** Data in this exercise **
• • • • •
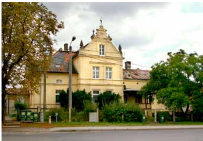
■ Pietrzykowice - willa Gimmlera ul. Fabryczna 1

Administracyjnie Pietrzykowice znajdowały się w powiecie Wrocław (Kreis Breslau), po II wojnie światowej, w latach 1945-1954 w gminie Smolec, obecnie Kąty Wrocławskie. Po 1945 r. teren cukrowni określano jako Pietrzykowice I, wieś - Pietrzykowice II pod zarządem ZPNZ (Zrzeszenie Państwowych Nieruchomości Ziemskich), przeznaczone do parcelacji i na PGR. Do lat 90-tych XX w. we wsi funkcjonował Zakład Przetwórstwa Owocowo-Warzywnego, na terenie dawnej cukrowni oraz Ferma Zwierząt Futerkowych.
• • • • •
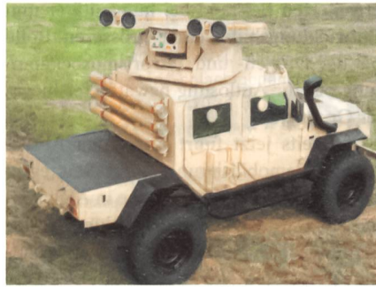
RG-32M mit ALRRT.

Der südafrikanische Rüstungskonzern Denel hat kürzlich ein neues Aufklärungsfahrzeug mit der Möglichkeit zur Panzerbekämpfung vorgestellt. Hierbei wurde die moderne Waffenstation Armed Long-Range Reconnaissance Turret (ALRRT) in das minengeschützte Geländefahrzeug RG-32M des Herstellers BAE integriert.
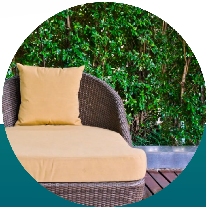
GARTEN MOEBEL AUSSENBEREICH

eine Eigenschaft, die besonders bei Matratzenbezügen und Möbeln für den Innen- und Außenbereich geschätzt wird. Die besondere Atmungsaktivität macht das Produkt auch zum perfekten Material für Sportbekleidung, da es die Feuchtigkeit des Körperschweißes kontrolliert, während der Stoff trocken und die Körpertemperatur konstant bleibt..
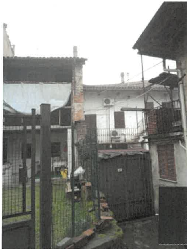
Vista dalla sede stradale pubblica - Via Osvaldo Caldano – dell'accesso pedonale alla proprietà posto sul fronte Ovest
• • • • •
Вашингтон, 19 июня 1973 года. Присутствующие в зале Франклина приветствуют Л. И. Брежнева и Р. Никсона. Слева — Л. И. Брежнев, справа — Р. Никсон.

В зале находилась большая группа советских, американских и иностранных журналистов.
• • • • •
** Exercise prompt **
Go through the records and pull out each line that includes the word "Pietrzykowice".

** Task output **
■ Pietrzykowice - willa Gimmlera ul. Fabryczna 1
Administracyjnie Pietrzykowice znajdowały się w powiecie Wrocław (Kreis Breslau), po II wojnie światowej, w latach 1945-1954 w gminie Smolec, obecnie Kąty Wrocławskie. Po 1945 r. teren cukrowni określano jako Pietrzykowice I, wieś - Pietrzykowice II pod zarządem ZPNZ (Zrzeszenie Państwowych Nieruchomości Ziemskich), przeznaczone do parcelacji i na PGR. Do lat 90-tych XX w. we wsi funkcjonował Zakład Przetwórstwa Owocowo-Warzywnego, na terenie dawnej cukrowni oraz Ferma Zwierząt Futerkowych.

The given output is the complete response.